Materi terakhir disampaikan oleh Bapak Abdul Kadir Jailani, S.H., LL.M terkait dengan peran Pemerintah serta Masyarakat dalam Mendukung Kemerdekaan Palestina. Setelah mengucapkan bela sungkawa kepada masyarakat Palestina yang langsung ditujukan kepada Syeikh Fayiz, beliau menyampaikan bahwa Indonesia tidak pernah diam dalam menanggapi kekerasan yang terjadi di Palestina. Apalagi melihat tingkat kekerasan yang sedang berlangsung sekarang, sikap Indonesia tentu jelas berada di sisi kemanusiaan.

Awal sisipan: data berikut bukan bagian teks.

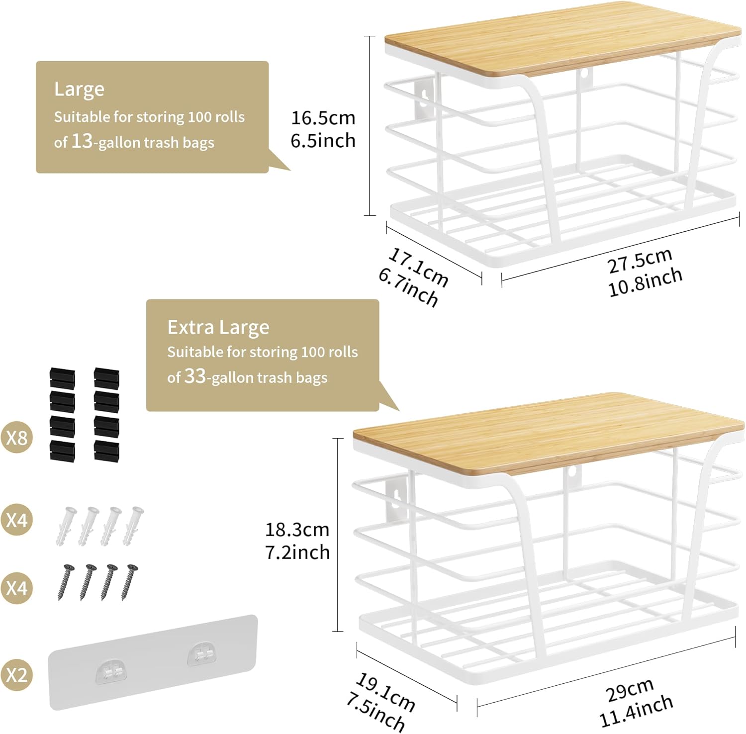 - Versatile Use for Home Organization:From pantry organization to laundry room storage. Assign the large garbage bag dispenser under sinks, use the small wall basket for kitchen sink accessories, or mount both as bathroom organizers
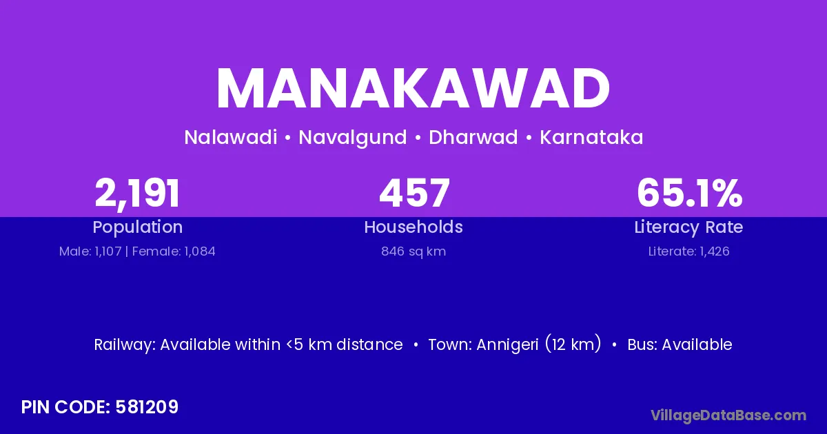 Annigeri (12 km) is the nearest town to Manakawad village for major economic activities and is located approximately 12 km away.
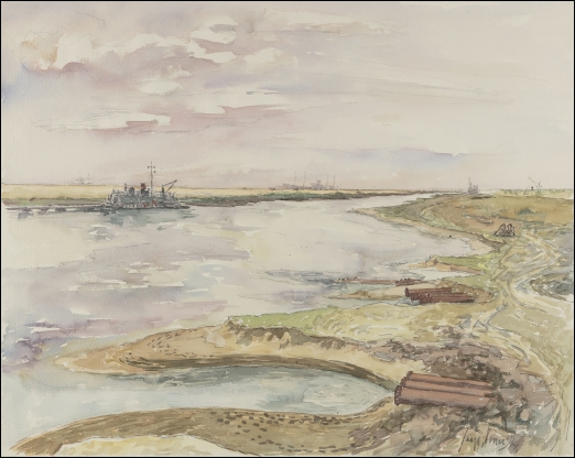 7 = Havens graven in Europoort op het terrein van het voormalige natuurreservaat "De Beer" gezien naar het noorden. Links de nieuwe zeedijk voor de grote buitenhaven; daarachter schepen op de Nieuwe Waterweg, aquarel, 1964
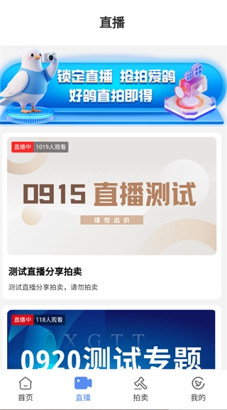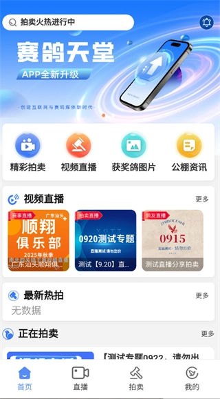 在首页就能看到精彩拍卖、视频直播、获奖鸽图片等功能板块。

Hal ini bukan semata-mata berdasarkan bahwa mayoritas bangsa Indonesia beragama Islam. Namun, Ia menekankan bahwa isu ini adalah masalah kemanusiaan. Keadaan ini merupakan bencana kemanusiaan yang secara moral tidak bisa diterima.
Ia menyampaikan pula bahwa Indonesia bersama dengan Organisasi Kerja Sama Islam (OKI) telah mengadakan pertemuan luar biasa untuk menghentikan eskalasi kekerasan dan fokus pada upaya pemulihan kemanusiaan. Serangan ini merupakan pelanggaran terhadap prinsip-prinsip kemanusiaan.

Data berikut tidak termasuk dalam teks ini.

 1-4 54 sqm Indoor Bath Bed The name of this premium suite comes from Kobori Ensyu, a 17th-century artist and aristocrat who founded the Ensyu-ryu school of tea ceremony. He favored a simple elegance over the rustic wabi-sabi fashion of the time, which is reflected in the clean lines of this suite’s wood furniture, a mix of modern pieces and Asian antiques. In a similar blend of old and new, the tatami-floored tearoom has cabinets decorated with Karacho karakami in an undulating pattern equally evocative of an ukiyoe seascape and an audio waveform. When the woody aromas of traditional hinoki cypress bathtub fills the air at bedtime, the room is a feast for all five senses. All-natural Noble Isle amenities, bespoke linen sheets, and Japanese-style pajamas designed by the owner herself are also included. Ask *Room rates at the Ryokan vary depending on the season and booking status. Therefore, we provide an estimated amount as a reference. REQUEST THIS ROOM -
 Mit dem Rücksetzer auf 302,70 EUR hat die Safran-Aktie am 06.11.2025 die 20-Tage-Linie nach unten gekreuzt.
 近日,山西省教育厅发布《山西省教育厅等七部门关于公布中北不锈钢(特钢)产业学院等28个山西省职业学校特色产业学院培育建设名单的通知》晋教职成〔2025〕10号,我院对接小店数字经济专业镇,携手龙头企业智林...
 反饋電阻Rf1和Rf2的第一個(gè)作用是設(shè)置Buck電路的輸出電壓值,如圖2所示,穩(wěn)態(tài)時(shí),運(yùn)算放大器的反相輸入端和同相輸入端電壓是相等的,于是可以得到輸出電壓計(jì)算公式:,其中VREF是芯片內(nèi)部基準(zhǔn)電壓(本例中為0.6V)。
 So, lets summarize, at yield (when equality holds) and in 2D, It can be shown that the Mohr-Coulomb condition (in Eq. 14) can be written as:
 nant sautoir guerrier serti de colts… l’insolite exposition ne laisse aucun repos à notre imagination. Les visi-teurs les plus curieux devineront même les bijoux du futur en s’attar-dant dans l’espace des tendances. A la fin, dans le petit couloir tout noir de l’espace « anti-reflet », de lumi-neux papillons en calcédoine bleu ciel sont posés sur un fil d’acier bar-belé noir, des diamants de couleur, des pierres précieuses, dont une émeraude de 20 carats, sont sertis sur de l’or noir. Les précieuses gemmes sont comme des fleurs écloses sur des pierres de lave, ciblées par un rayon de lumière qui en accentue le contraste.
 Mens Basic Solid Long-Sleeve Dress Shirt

Saat ini, pemerintah Indonesia tengah berkoordinasi dengan Perserikatan Bangsa-Bangsa (PBB) untuk menggerakkan komunitas internasional guna memastikan bantuan kemanusiaan yang diperlukan. Menteri Luar Negeri Indonesia dengan tegas menyampaikan kepada Dewan Keamanan PBB bahwa mereka memiliki tanggung jawab untuk menghentikan konflik ini. Beliau menekankan bahwa inilah saatnya untuk mengesampingkan politik dan memusatkan perhatian pada aspek kemanusiaan.

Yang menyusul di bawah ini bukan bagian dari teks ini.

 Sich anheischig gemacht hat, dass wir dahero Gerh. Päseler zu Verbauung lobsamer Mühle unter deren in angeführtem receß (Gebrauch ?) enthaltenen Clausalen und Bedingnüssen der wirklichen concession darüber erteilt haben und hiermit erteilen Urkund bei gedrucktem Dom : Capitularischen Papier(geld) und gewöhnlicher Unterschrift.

Direktur Jenderal Asia Pasifik dan Afrika di Kemenlu itu dengan tegas menegaskan bahwa Indonesia tidak akan pernah melakukan normalisasi hubungan dengan Israel. “Indonesia sejauh ini telah mempertahankan konsistensinya. Kami tidak dapat melakukan normalisasi hubungan dengan Israel selama kolonisasi di Palestina belum dihentikan.” Indonesia juga aktif dalam upaya mendorong proses perdamaian yang bertujuan dalam mencapai solusi berupa “two-state solution.” Bagi Indonesia, tercapainya solusi dua negara tersebut adalah sesuai dengan standar internasional, yaitu dengan menghormati hak Palestina untuk menentukan nasib sendiri, termasuk pengakuan perbatasan sesuai dengan garis batas tahun 1967. “Saya tahu ini (two-state solution) kontroversial untuk beberapa pihak, tapi this is the fact of life yang harus diterima”, tukasnya.
Ia melanjutkan bahwa penting juga untuk menjamin keamanan Palestina apabila negara Palestina dapat diwujudkan, termasuk menghormati hak untuk kembali ke tanahnya (rights of return), dan mengakui Al-Quds (Yerusalem) sebagai ibu kota Palestina. Sekali lagi dalam penutup materinya ia mewakili pemerintah Indonesia menekankan kembali komitmen pemerintah indonesia dalam mendukung perjuangan palestina. Mengutip perkataan Soekarno bahwa selama Palestina belum mencapai kemerdekaannya, Indonesia akan terus menolak penjajahan Israel.